= Daniel Devlin =

Daniel Joseph Devlin (1814 - February 22, 1867) was a prosperous businessman, City Chamberlain, and prominent citizen of New York City.

Devlin was born at Buncrana, County Donegal, Ireland, in 1814, the son of Jeremiah Devlin, a farmer and merchant tailor, and his wife, Elizabeth Foster. As a young merchant tailor, Daniel emigrated to America in 1833. Three younger brothers later joined him in America; two sisters, and a brother, Phillip Devlin, who became a Catholic priest, remained in Ireland. Daniel Devlin moved to Louisville, Kentucky, and is believed to have worked for a time as a steamboat clerk on the Ohio and Mississippi rivers, which led him to encourage his brother William Devlin to establish himself in Louisiana. Devlin founded a jeans manufacturing company in Louisville, and later moved to New York City, where he and two of his brothers established a clothing company, Devlin Brothers. Daniel Devlin was named City Chamberlain of New York in 1861, and remained in that position until his death.

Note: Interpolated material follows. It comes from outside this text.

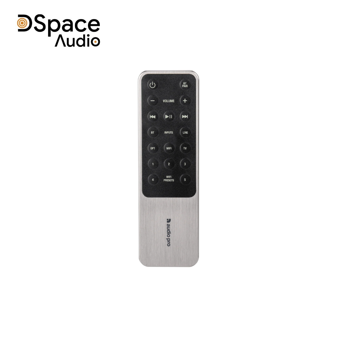 Ngoài ra, Loa Audio Pro A28 W còn được trang bị điều khiển từ xa đi kèm, giúp người dùng thao tác nhanh chóng và thuận tiện trong quá trình sử dụng hằng ngày. Thông qua remote, bạn có thể dễ dàng điều chỉnh âm lượng, chuyển bài, tạm dừng phát nhạc, lựa chọn nguồn vào như Bluetooth, WiFi, Optical, Line hoặc TV mà không cần thao tác trực tiếp trên loa hay điện thoại. Ngoài ra, điều khiển còn tích hợp các nút preset, cho phép truy cập nhanh các chế độ hoặc nguồn phát yêu thích, mang lại trải nghiệm sử dụng đơn giản và linh hoạt hơn trong không gian gia đình.

After the outbreak of the American Civil War, he headed the executive committee charged with recruitment and financing for the Irish Brigade of the Union Army. In politics, he was a Democrat, and played a prominent role in the New York State Democratic convention in 1864. He was a director of the Union Trust Company of New York, and a prominent Catholic layman who in 1863 helped found the Society for the Protection of Destitute Roman Catholic Children in the City of New York and in 1864 established a scholarship at St. Francis Xavier College. Devlin lived from the 1850s onward in an Italianate villa overlooking the Hudson River in Manhattanville.

Devlin died in New York on February 22, 1867. His brothers donated a stained glass window in his memory to St. Patrick's Cathedral, where it can be seen today.